The Prius Deception – Part III

If you had the patience to make it through my first two posts on this topic here and here, you know that I’m on a rant about why the US public isn’t better informed about alternative fuel technologies and vehicles that reduce our dependence on fossil fuels. Gasoline/electric hybrids, the only well-known semi-alternative to pure gasoline use today, represent a great technology that is being over-hyped and is being applied far beyond its optimal usage. Diesel fuel (including biodiesel) and E85 (85% ethanol) combined with electric motors and variable displacement engines (shutting down some of the cylinders when the demand on the engine is low) offer far superior fuel economy; most often with better performance than today’s hybrids. The kicker is that while few people know about it, most of this technology is available today.

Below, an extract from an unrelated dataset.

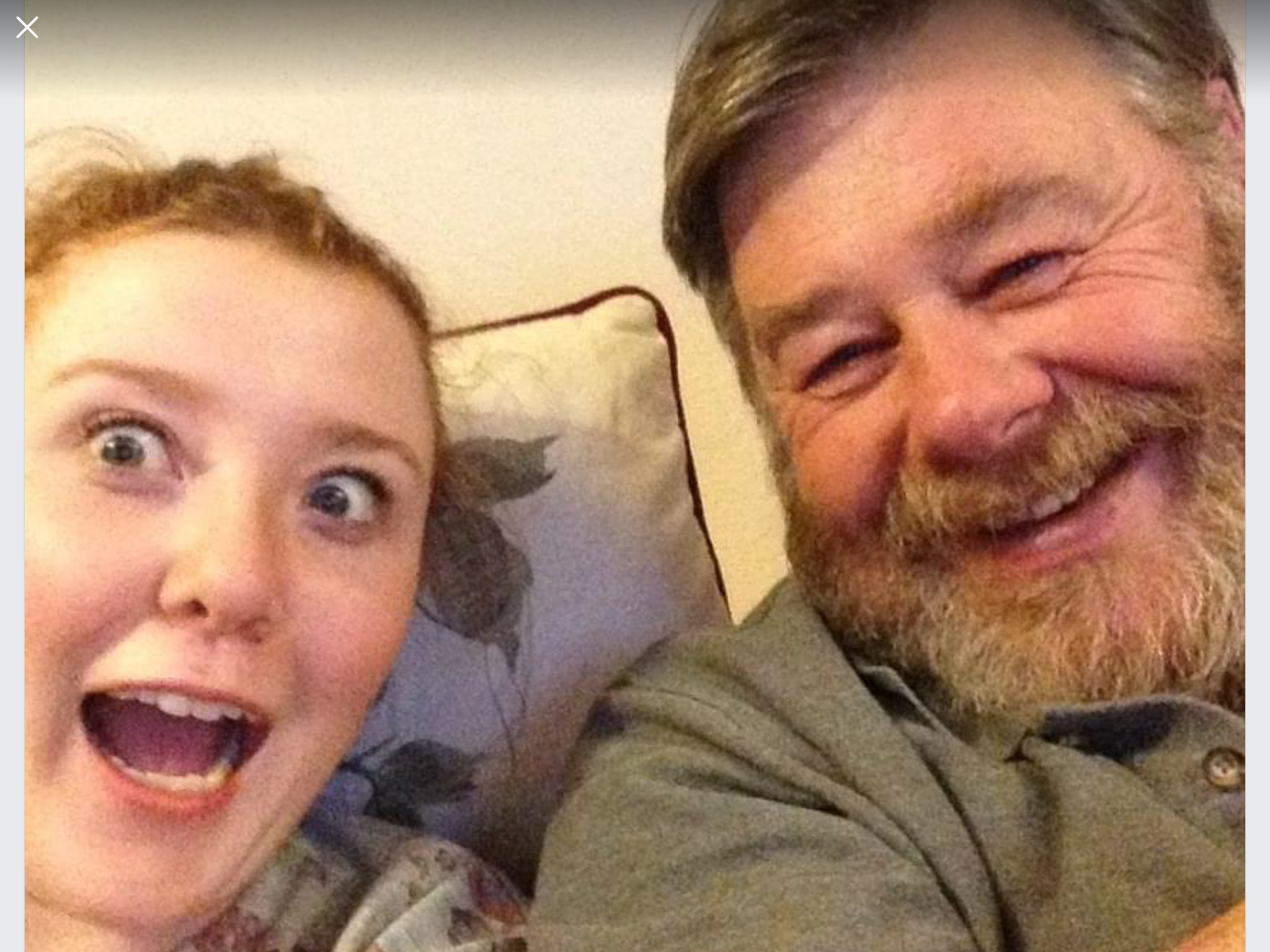 Colored pencil drawing of a surprised young woman and a smiling older man.

To celebrate Earth Day, AutoWeek Magazine, did a road test of a variety of cars to test gas mileage over long distances. Some of the competitors in this test were the usual suspects in such tests – the Toyota Prius and the Honda Accord Hybrid – but AutoWeek also threw in a couple of non-standard competitors for the fuel-economy throne – the Chevrolet Corvette and the Jeep Commander. The results are interesting:

Car

Fuel

EPA Rating

Actual MPG

Gallons Used

Chevy Corvette

Gasoline

27.0 MPG

27.3 MPG

12.8

Honda Accord Hybrid

Gas/Electric

34.0 MPG

33.9 MPG

10.3

Jeep Commander

Gasoline

18.0 MPG

17.2 MPG

20.3

Toyota Prius

Gas/Electric

51.0 MPG

42.0 MPG

8.3

VW Jetta TDI

Diesel

42.0 MPG

49.9 MPG

7.0

Note: the course was 349 miles of open road

First and foremost, the diesel blows everything else away. Not only does it go further on less fuel, it’s a bigger, faster and more comfortable car than the Prius, the second best in the test and the standard-bearer for high mileage vehicles and hybrid technology. In this case, the performance is actually better than is noted, because the Jetta was using biodiesel – a blend of diesel fuel and old Fryolater waste. The 7.0 gallons of fuel consumed is not 7.0 gallons of black gold, 20% of it came from vegetable oil used to cook yesterday’s french fries. See my post on why new diesel fuel is not your father’s diesel fuel any more.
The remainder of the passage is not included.